Work to complete
Retype nothing but the lines from the start of the material up to and including the line with "Urnengrab aus Kirchheim". Pictures don't belong in the copy.

Data
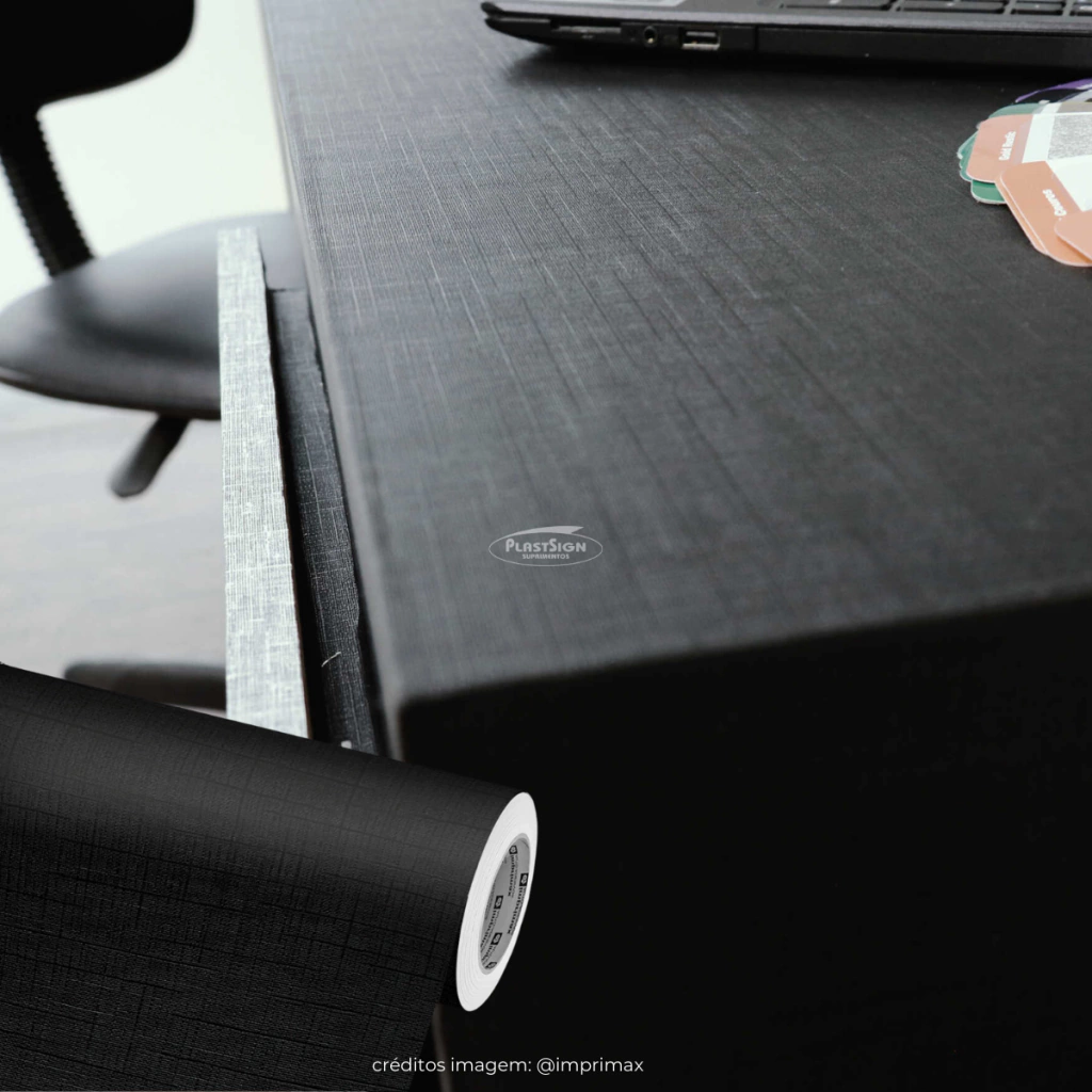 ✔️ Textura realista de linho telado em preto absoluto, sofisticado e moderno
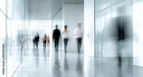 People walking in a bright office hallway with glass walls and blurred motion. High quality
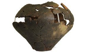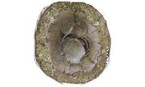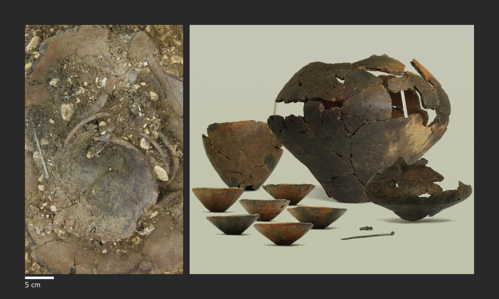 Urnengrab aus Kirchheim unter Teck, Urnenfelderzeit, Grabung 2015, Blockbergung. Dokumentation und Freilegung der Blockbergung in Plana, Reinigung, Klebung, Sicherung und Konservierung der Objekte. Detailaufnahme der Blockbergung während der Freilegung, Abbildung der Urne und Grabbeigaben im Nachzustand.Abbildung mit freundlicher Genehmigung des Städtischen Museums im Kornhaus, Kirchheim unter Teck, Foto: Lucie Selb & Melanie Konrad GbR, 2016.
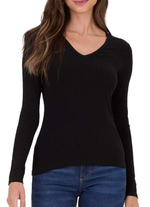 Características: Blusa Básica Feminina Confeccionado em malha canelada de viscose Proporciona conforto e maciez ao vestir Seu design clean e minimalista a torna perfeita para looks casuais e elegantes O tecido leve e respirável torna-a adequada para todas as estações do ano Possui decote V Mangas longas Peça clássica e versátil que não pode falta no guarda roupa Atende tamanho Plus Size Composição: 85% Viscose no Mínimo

Solution
 ✔️ Textura realista de linho telado em preto absoluto, sofisticado e moderno
 People walking in a bright office hallway with glass walls and blurred motion. High quality
 Urnengrab aus Kirchheim unter Teck, Urnenfelderzeit, Grabung 2015, Blockbergung. Dokumentation und Freilegung der Blockbergung in Plana, Reinigung, Klebung, Sicherung und Konservierung der Objekte. Detailaufnahme der Blockbergung während der Freilegung, Abbildung der Urne und Grabbeigaben im Nachzustand.Abbildung mit freundlicher Genehmigung des Städtischen Museums im Kornhaus, Kirchheim unter Teck, Foto: Lucie Selb & Melanie Konrad GbR, 2016.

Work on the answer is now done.